++++ Records to use ++++

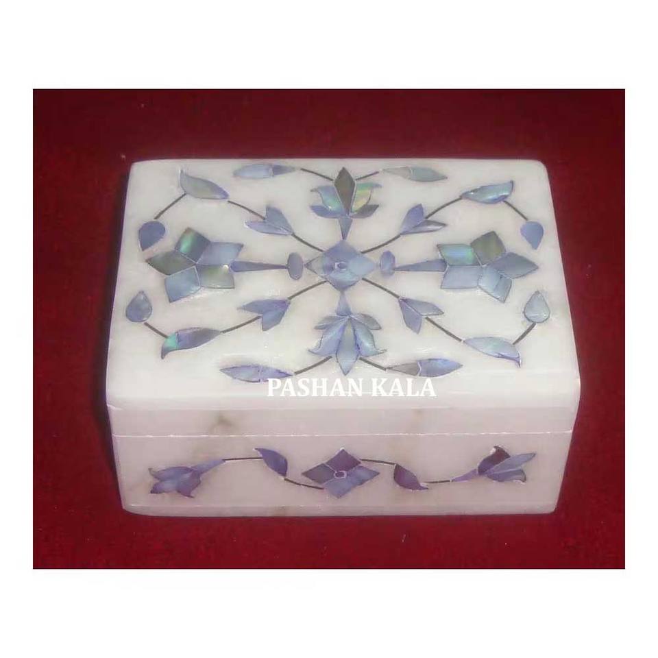 Incrustation de marbre blanc fait à la main de forme rectangulaire avec boîte à bijoux en nacre bleue avec la meilleure qualité pour la décoration de la maison
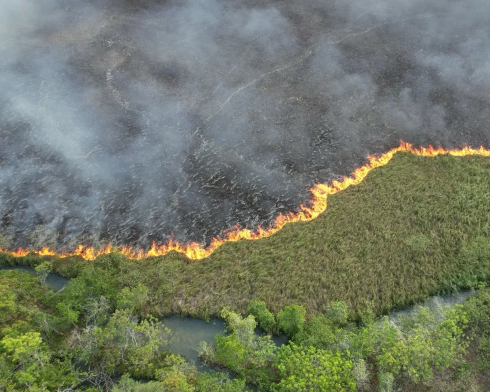 Um dos destinos turísticos mais procurados por brasileiros e estrangeiros no Brasil, a vegetação da cidade paradisíaca de Bonito (MS) foi tomada por um incêndio de grandes proporções, às margens do rio Formoso.
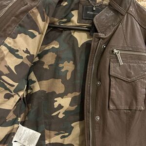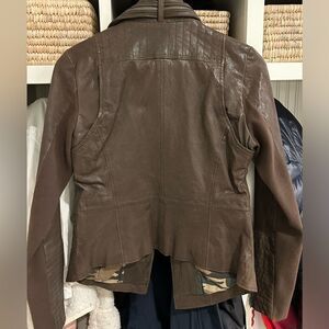 BCBGmaxazria brown leather utility jacket. Size s. Slightly worn. Minor mark on sleeve as shown in picture above
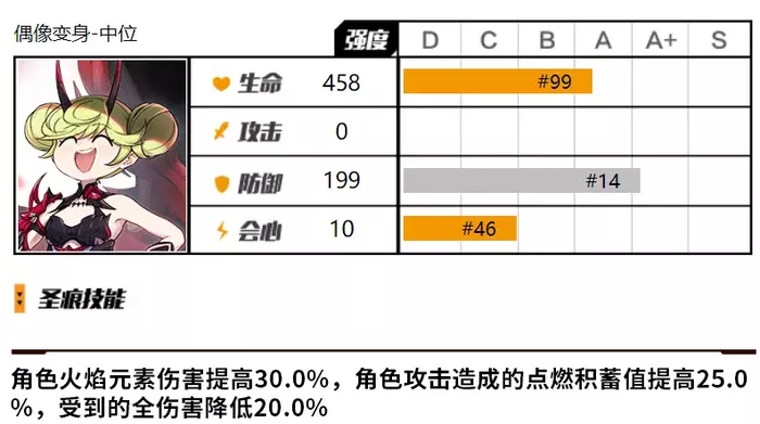 中位提供了无条件火伤加成以及点燃积蓄值提高的效果,拥有一定的功能性,在应对部分需要施加点燃异常的敌人时会有不错的效果。
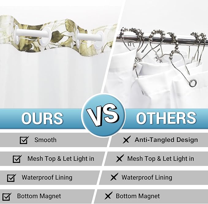 - No hooks needed! This shower curtain designed with "Split Rings" that let you hang them easily. Suitable for various home decor.
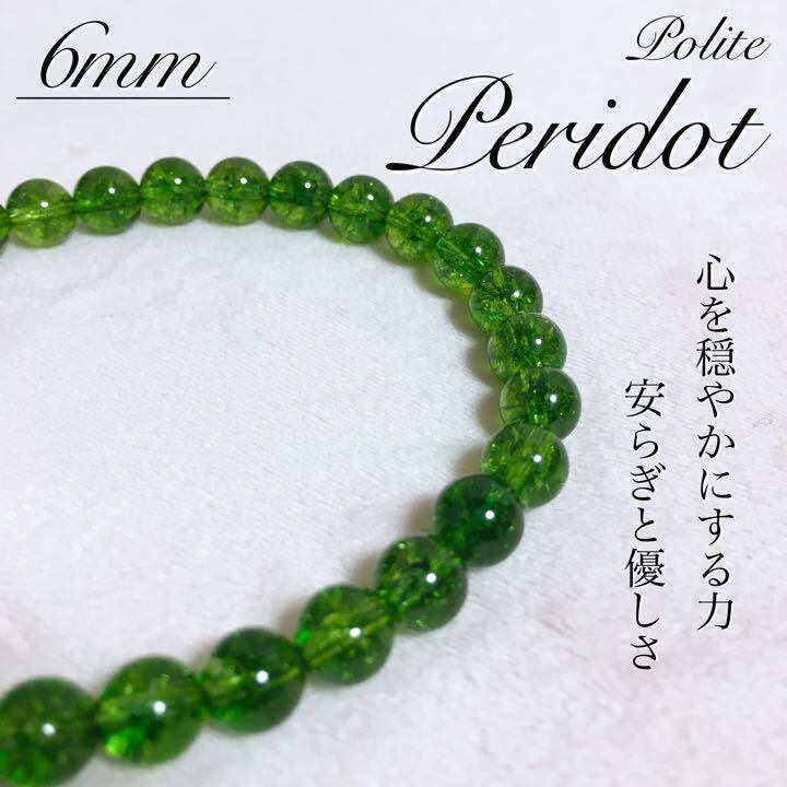 ブレスレット ペリドット 天然石 6mm カルセドニー 誕生石 緑 ハンドメイド

++++

* [Task instructions]: From the records above, copy only the lines running from the line containing "Um dos destinos" to the line containing "- No hooks needed!", both ends included. Leave the pictures out.

* [Solution to this task]:
 Um dos destinos turísticos mais procurados por brasileiros e estrangeiros no Brasil, a vegetação da cidade paradisíaca de Bonito (MS) foi tomada por um incêndio de grandes proporções, às margens do rio Formoso.
 BCBGmaxazria brown leather utility jacket. Size s. Slightly worn. Minor mark on sleeve as shown in picture above
 中位提供了无条件火伤加成以及点燃积蓄值提高的效果,拥有一定的功能性,在应对部分需要施加点燃异常的敌人时会有不错的效果。
 - No hooks needed! This shower curtain designed with "Split Rings" that let you hang them easily. Suitable for various home decor.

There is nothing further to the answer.